Distribution

Example

How to

Hydrologic Distribution Fitting

The Purpose of Distribution Fitting

In hydrology, we rarely have enough historical data to directly calculate the probability of rare, extreme events like the “100-year flood” (an event with a 1% chance of occurring in any given year). Distribution fitting solves this by using the historical data we do have to anchor a theoretical mathematical curve. By calculating the statistical characteristics of our observed streamflow—such as the mean, variance, and skewness—we can select and scale a continuous probability distribution to match our historical record.
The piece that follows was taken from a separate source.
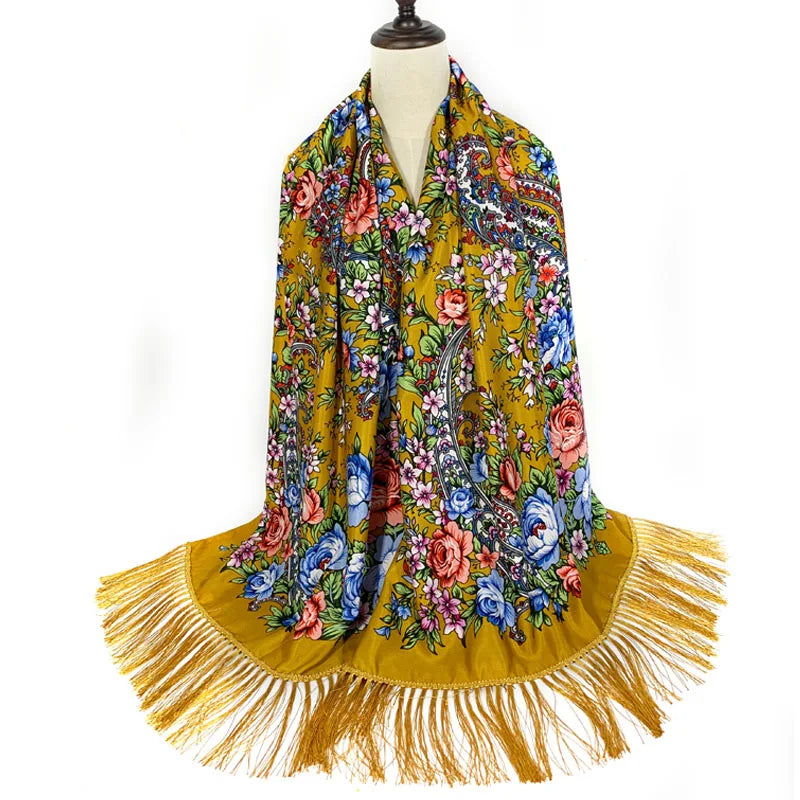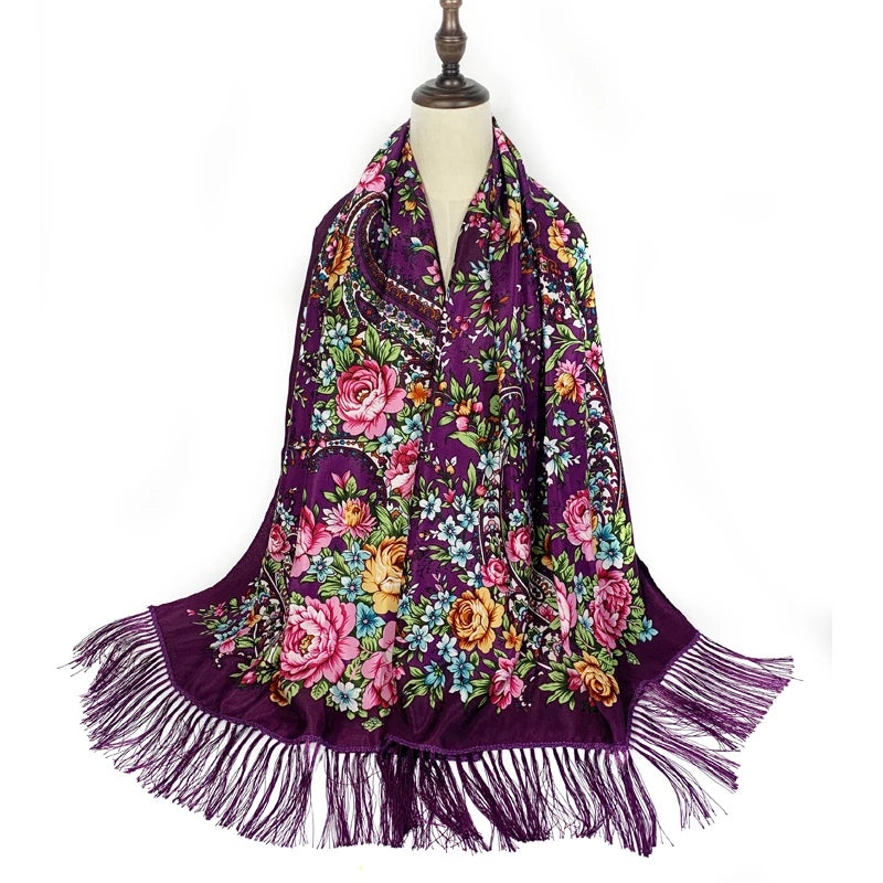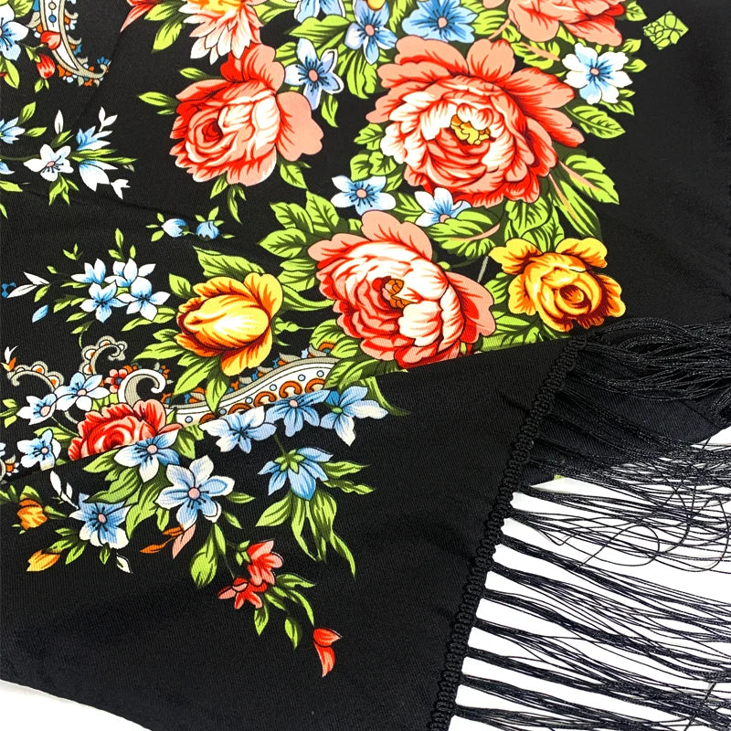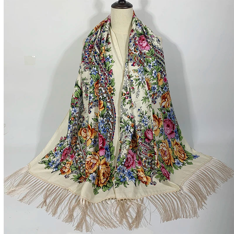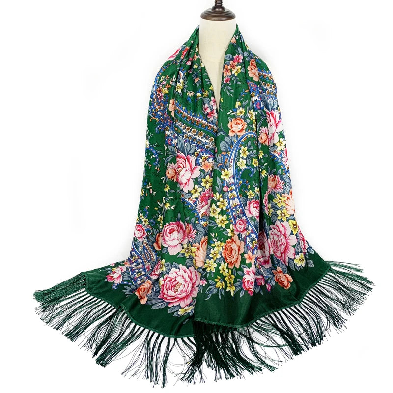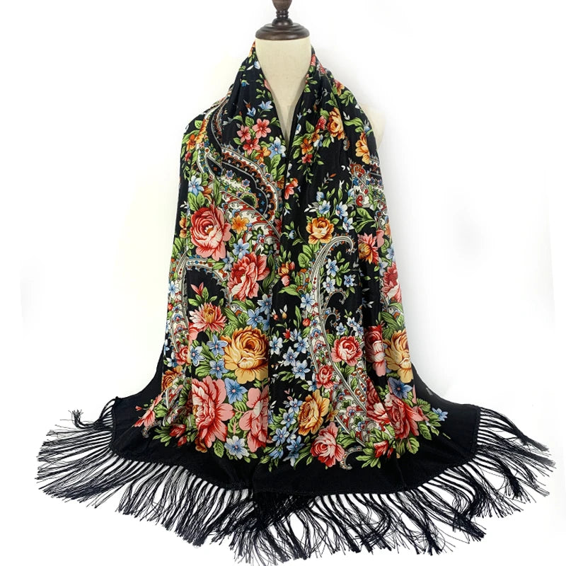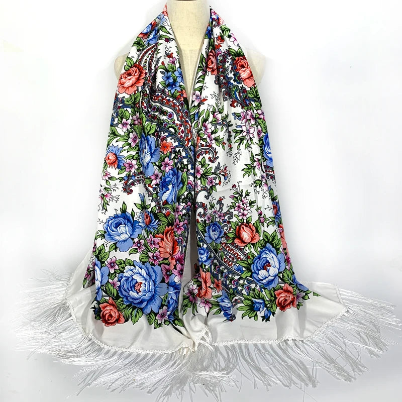 Russian National Scarf Women Floral Print Bandana Shawl Ethnic Fringed Handkerchief Babushka Hijab Head Wraps Pashmina

Once fitted, this smooth curve allows us to extrapolate beyond our limited data and estimate the magnitude of extreme, unobserved events.

Why We Use L-Moments

Traditional statistical moments (standard deviation, traditional skewness) involve squaring or cubing the data, which gives massive, disproportionate weight to the largest outliers. In streamflow analysis, a single historic mega-flood can heavily skew traditional calculations and ruin the fit for the rest of the data. L-moments are calculated using linear combinations of the sorted data. This makes them far more robust against extreme outliers and generally provides a more reliable, stable fit for environmental data.

Common Extreme Value Distributions

Different distributions behave differently at the “tails” (the extreme upper ends of the curve). Choosing the right distribution dictates how conservatively or aggressively you are estimating the worst-case scenarios.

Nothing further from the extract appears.